At least those blackmailers were smart. They stayed anonymous.

Through it all, Si-woo was helpless.

Counting the days until his punishment ended.

Shaking under the weight of every gaze.

And there was Il-seong.

Il-seong.

The very name burned his tongue now.

They barely spoke anymore.

Yet his friend was always there.

Like a shadow.

The day the pimps shoved Si-woo into a public restroom and ordered him to strip, he had considered fighting back.

But the ones fumbling with his belt weren't the leaders.

They were underclassmen, their faces already swollen with bruises.

Si-woo couldn't bring himself to fight them.

Didn't want to.

He wished the senior himself would get off his "chair"—a fat classmate Si-woo recognized, the same one who used to laugh while Jeunk tormented him—and deal the blow personally.

But from the smirk on his face, Si-woo knew he never would.

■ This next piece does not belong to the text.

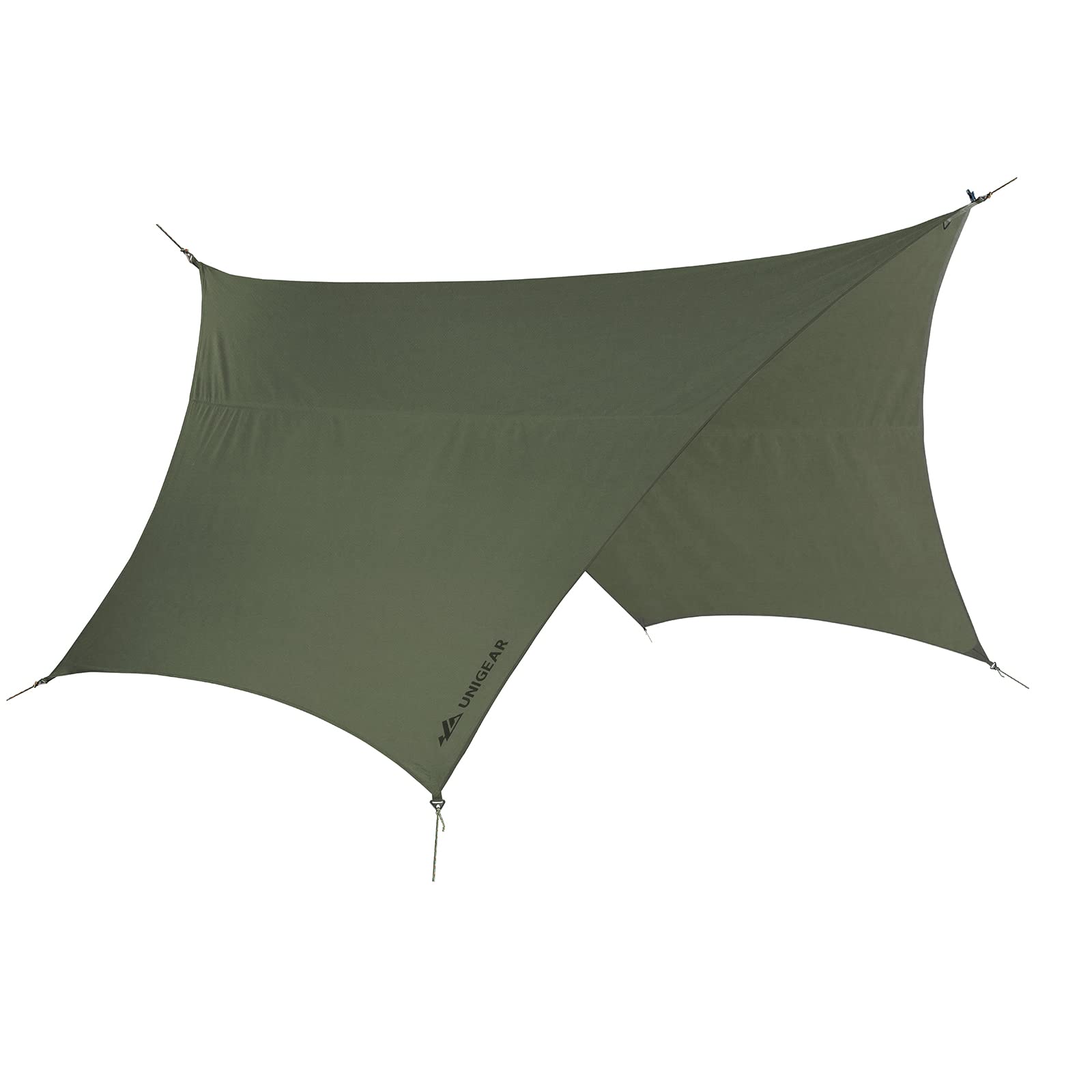 Unigea(420*410cm, グリーン)r ヘキサタープ tcタープ ポリコットン 5m延長ベルト付きテントとの取り組み可能 焚き火 遮光 遮熱

— Damn! Nice package! the senior barked, whipping out his phone.

Si-woo let them pull his pants down without a word.

— On all fours, the leader ordered.

The group pushed down on him until he complied.

Si-woo trembled with rage. He would've given anything for a spell that could burn the bastard alive. And he wasn't even that strong—just a parasite.

Before the trembling hands of a sobbing underclassman could press the pen inside him, the restroom door slammed open.

Il-seong stood there.

— Hands off my friend.

Si-woo swallowed a growl.

His friend's voice was like a blade pulled from ice.

His aura—like the cold light of a winter sun.

Yes, he saved him. Every time.

Il-seong crushed skulls, terrorized leaders, erased threats.

The streamers ended up filming their own beatings.

The blackmail notes stopped appearing.

All of it was Il-seong's work.

But he wasn't the hero Si-woo had once believed him to be.

He charged others for rescues—everyone except Si-woo.

He robbed enemies to fill his own pockets.

He acted only when it suited him.

Apathetic. Capricious.

And the power Si-woo had helped him gain… he now used to bend his charisma, to make the whole school adore him.

He was the true King of the School.

But he refused to claim the throne.

He preferred the chaos.

Si-woo had told him again and again.

Il-seong never listened.

The real problem came the day before the locker room incident.

For the first time in days, they ate lunch together on the football stadium steps.

Il-seong leaned back, face tilted toward the sun, and said casually :

— I guess I'll have to start dating Mi-cha.